Consolidated revenues grew 32.5% to $589.6 million, driven by gains from the BrandsMart buyout, somewhat offset by weak lease revenues and fees and drab retail sales at the Aaron's Business. The figure beat the Zacks Consensus Estimate of $585 million and our estimate of $582.1 million.

Breaking up the components of consolidated revenues, we note that lease and retail revenues increased 37% in the reported quarter to $554.6 million and beat our estimate of $545.1 million. Non-retail sales, which mainly include merchandise sales to franchisees, declined 13.7% year over year to $29.1 million and lagged our estimate of $30.8 million. Franchise royalties and fees in the quarter decreased 6.4% to $5.8 million from the year-ago quarter compared with our estimate of $6 million.

In the Aaron’s Business, revenues declined 9.1% year over year to $404.3 million due to lower same-store revenues. Further, same-store revenues fell 8.4% year over year in the quarter due to a reduced lease renewal rate, the lower exercise of early purchase options, a smaller same-store lease portfolio size and drab retail sales. E-commerce revenues were up 7.3%, accounting for 16.7% of lease revenues.

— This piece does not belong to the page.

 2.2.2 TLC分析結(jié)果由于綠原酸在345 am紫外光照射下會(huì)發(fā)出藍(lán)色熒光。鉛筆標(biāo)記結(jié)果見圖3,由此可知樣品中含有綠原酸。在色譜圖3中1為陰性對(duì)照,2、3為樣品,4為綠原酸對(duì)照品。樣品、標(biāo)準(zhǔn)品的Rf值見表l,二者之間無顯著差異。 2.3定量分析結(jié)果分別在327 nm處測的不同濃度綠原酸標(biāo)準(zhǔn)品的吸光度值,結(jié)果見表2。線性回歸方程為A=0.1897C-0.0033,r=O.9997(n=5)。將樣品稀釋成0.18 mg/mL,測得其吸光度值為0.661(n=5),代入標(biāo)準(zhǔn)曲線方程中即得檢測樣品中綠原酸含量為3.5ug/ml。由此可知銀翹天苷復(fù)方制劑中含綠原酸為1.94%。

For BrandsMart, revenues were $187.7 million in the fourth quarter of 2022, driven by strength in small appliances and housewares and e-commerce strength. These were somewhat offset by weak product sales stemming from lower store traffic and deflation in certain major appliances and electronics categories.

Margins

Aaron’s gross profit rose 3.2% to $285.9 million, while the gross margin contracted 1,380 bps to 48.5%. The operating loss came was $6.2 million against the prior-year quarter’s earnings of $19.9 million.

Adjusted EBITDA declined 33% year over year to $27.7 million due to the lower gross profit and a higher provision for lease merchandise write-offs at the Aaron's Business, partly offset by gains from the BrandsMart buyout and reduced personnel costs at the Aaron's Business. The adjusted EBITDA margin contracted 460 bps to 4.7% in the reported quarter.

Financial Position

Aaron’s ended the quarter with cash and cash equivalents of $27.7 million, debt of $242.4 million and shareholders’ equity of $695.4 million. In the fourth quarter, the company generated operating cash flow of $46.6 million. Further, Aaron’s declared dividends worth $3.4 million and made share repurchases of $2.3 million in the quarter under review.

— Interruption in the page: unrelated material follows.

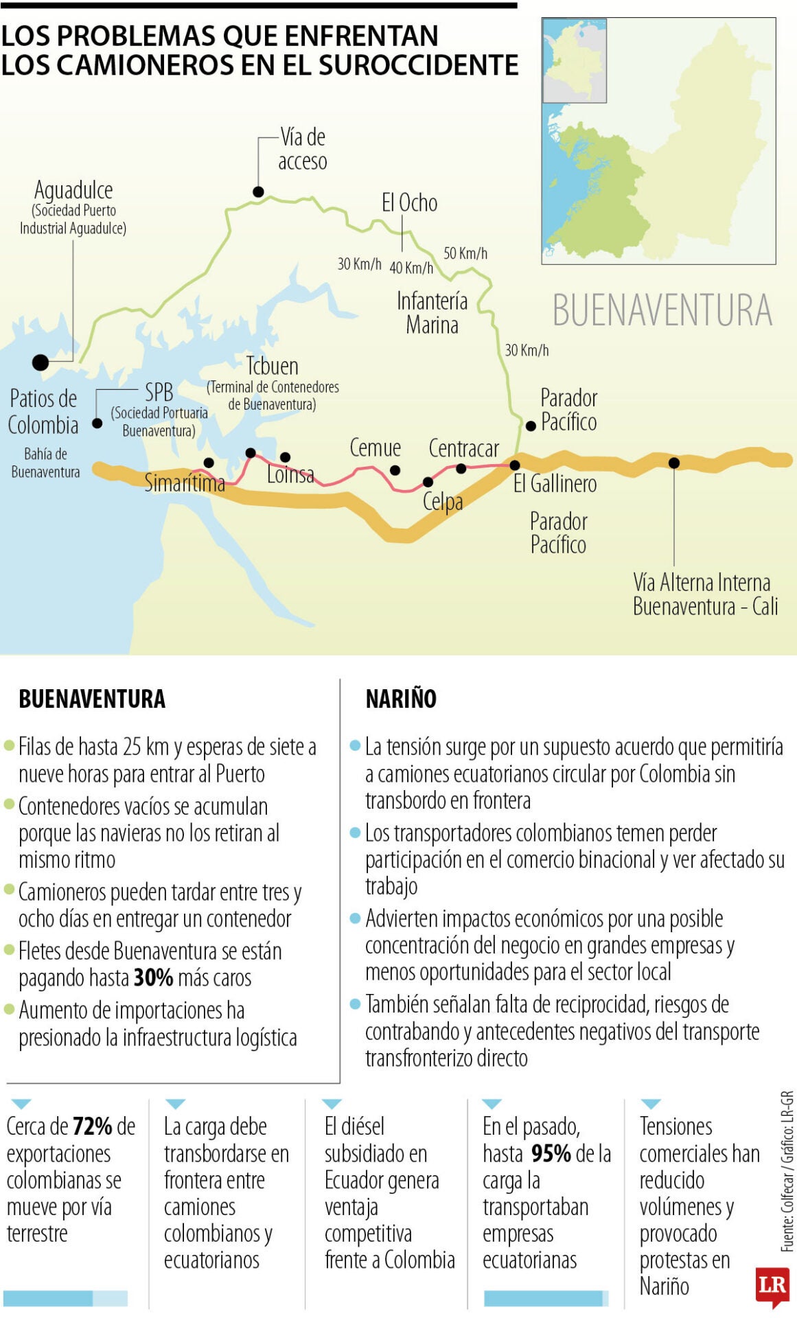 A esta presión en Buenaventura se suma otro foco de tensión en el sur del país, especialmente en Nariño, donde el sector transportador se mantiene en alerta ante la posibilidad de que se permita el ingreso directo de camiones ecuatorianos a territorio colombiano sin necesidad de transbordo en frontera.

Capital expenditure was $24.3 million in the reported quarter. Adjusted free cash flow amounted to $24.7 million in the quarter. Capital expenditures are expected in the band of $95-$115 million for 2023. AAN expects adjusted free cash flow in the range of $50-$60 million for 2023.

Outlook

For 2023, the company anticipates revenues of $2.2-$2.3 billion. Adjusted EBITDA (excluding stock-based compensation) is likely to be $140-$160 million. It envisions adjusted earnings per share (EPS) of 70 cents to $1.10 for the year. Diluted EPS is expected to be 55-80 cents.

In the Aaron’s business, revenues are expected to be $1.53-$1.60 billion. Adjusted EBITDA is likely to be $165-$180 million. In BrandsMart, revenues are anticipated at $665-$695 million. Adjusted EBITDA is forecast to be $17.5-$22.5 million. Also, AAN expects an effective tax rate of 25-26%, along with a diluted weighted average share count of 31.5 million shares. It also noted that it would not repurchase any shares in 2023.

How Have Estimates Been Moving Since Then?

In the past month, investors have witnessed a downward trend in estimates review.

The consensus estimate has shifted -34.15% due to these changes.

VGM Scores

Currently, Aaron's has a nice Growth Score of B, a grade with the same score on the momentum front. Charting a somewhat similar path, the stock was allocated a grade of A on the value side, putting it in the top quintile for this investment strategy.

Overall, the stock has an aggregate VGM Score of A. If you aren't focused on one strategy, this score is the one you should be interested in.

Outlook

Estimates have been broadly trending downward for the stock, and the magnitude of these revisions indicates a downward shift. It's no surprise Aaron's has a Zacks Rank #5 (Strong Sell). We expect a below average return from the stock in the next few months.